● Task requirements
From the line with "El extraordinario acto" to the line with "在海西蒙古族藏族自治州茫崖市冷湖镇境内拍摄的黑独山一角(无人机照片)。", retype each line exactly as it stands in the records below, but skip the pictures.

[Excerpts from a dataset]
= = =

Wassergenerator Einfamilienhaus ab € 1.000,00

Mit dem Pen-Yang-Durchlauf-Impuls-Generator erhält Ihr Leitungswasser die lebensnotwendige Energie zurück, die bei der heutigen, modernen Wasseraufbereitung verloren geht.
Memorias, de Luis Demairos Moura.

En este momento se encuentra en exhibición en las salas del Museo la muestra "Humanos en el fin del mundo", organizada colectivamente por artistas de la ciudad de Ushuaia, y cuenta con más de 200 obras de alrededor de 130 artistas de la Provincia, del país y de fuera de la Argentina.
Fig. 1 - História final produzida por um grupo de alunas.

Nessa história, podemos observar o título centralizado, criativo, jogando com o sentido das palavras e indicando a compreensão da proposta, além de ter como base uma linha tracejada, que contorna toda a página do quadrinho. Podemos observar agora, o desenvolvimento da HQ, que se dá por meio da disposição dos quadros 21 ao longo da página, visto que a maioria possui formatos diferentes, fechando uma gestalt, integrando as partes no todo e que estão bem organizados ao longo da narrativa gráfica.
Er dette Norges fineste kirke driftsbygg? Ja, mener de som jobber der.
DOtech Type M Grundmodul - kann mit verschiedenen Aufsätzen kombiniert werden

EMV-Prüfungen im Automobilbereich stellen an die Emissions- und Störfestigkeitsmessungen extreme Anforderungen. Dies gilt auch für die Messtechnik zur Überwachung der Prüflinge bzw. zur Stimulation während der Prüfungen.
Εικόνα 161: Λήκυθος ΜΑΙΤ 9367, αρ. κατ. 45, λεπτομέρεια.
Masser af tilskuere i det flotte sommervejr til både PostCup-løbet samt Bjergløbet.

= = =

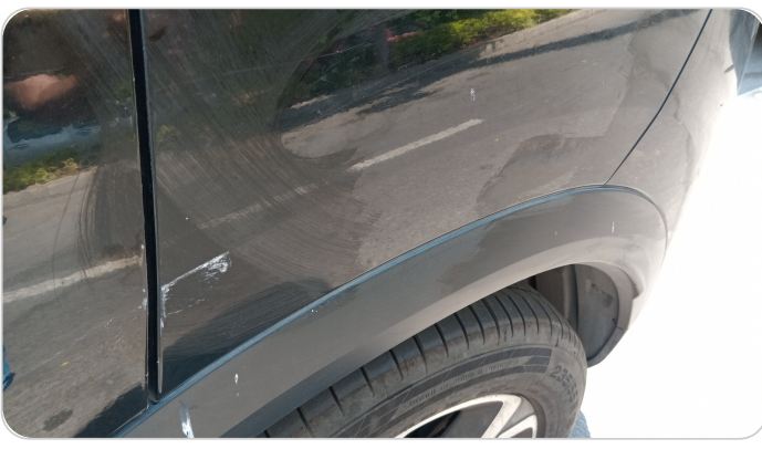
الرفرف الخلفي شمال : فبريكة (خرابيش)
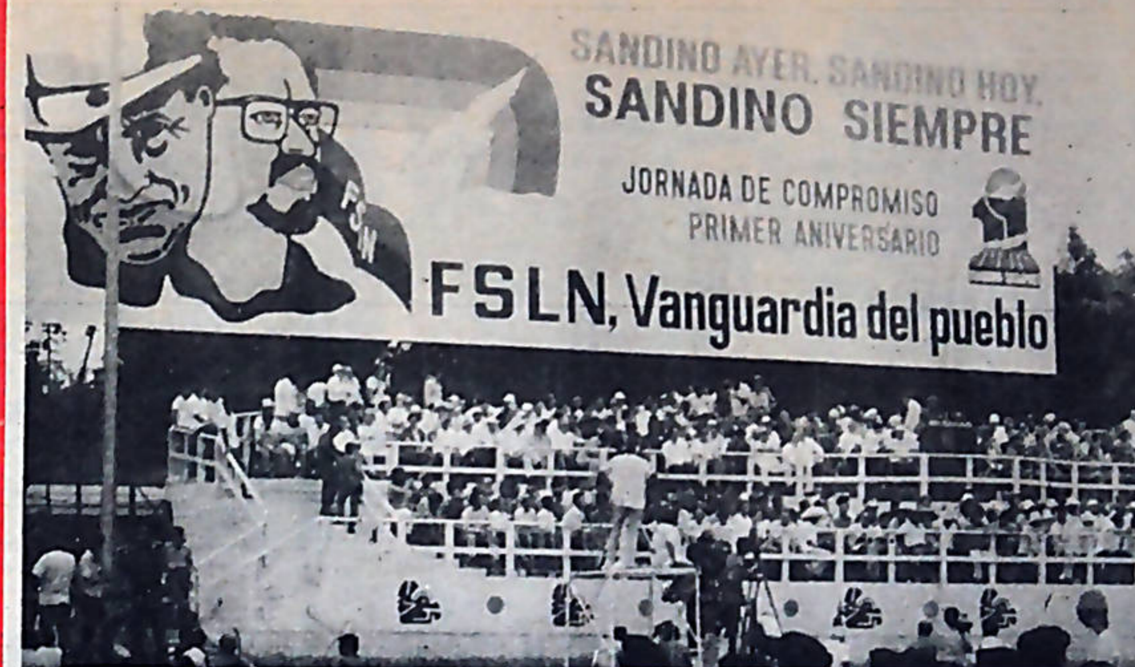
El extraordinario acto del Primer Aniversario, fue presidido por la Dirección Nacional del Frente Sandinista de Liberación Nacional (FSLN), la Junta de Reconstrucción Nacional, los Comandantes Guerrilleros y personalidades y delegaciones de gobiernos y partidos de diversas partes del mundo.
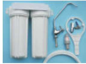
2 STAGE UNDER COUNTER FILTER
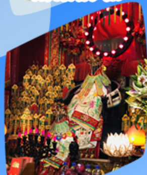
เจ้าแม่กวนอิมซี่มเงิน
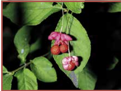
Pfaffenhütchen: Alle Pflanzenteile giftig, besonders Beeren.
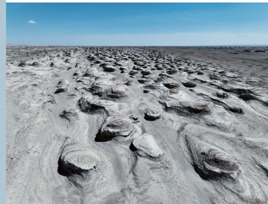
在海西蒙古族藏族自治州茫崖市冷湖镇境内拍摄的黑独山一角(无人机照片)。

= = =

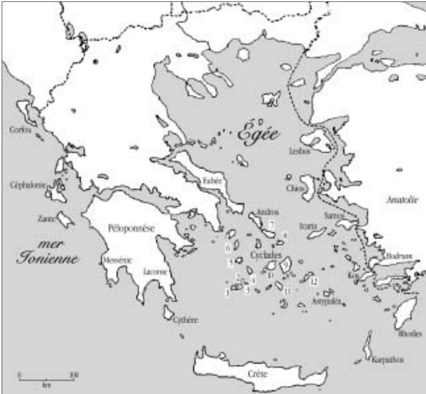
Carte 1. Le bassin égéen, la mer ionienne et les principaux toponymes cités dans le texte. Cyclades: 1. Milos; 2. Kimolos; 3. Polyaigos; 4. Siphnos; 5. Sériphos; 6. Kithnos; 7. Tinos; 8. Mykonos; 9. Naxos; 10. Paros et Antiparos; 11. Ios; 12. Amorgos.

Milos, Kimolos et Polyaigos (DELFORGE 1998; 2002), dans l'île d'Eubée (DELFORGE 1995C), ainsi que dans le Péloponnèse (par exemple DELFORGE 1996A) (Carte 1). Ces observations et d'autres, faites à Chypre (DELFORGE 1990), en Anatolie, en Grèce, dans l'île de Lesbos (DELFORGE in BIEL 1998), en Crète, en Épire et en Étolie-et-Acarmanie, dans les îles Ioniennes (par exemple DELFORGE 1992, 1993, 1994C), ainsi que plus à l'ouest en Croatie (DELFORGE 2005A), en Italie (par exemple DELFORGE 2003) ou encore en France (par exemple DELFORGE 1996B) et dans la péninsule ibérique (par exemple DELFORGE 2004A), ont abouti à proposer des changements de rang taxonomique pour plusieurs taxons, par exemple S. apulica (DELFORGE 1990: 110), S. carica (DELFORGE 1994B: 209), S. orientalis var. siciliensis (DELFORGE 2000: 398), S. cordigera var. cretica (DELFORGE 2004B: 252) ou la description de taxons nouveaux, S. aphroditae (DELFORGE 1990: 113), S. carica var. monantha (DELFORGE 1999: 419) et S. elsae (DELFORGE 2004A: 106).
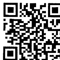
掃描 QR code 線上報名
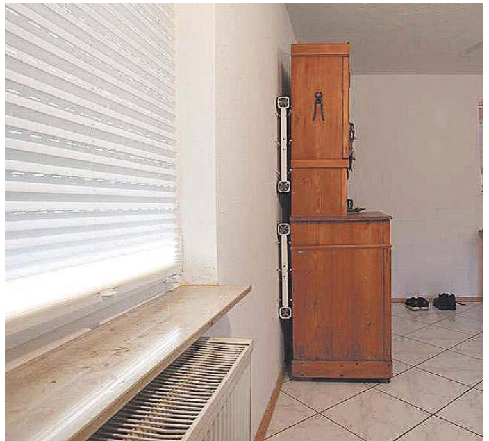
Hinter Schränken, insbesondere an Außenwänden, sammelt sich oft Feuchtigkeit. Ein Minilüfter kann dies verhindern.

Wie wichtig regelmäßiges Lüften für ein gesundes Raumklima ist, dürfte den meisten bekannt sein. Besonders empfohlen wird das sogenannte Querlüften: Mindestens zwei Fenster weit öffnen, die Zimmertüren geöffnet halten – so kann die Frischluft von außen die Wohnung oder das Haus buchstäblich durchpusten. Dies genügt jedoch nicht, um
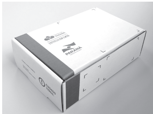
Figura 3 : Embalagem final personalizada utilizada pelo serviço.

= = =

● Task result
El extraordinario acto del Primer Aniversario, fue presidido por la Dirección Nacional del Frente Sandinista de Liberación Nacional (FSLN), la Junta de Reconstrucción Nacional, los Comandantes Guerrilleros y personalidades y delegaciones de gobiernos y partidos de diversas partes del mundo.
2 STAGE UNDER COUNTER FILTER
เจ้าแม่กวนอิมซี่มเงิน
Pfaffenhütchen: Alle Pflanzenteile giftig, besonders Beeren.
在海西蒙古族藏族自治州茫崖市冷湖镇境内拍摄的黑独山一角(无人机照片)。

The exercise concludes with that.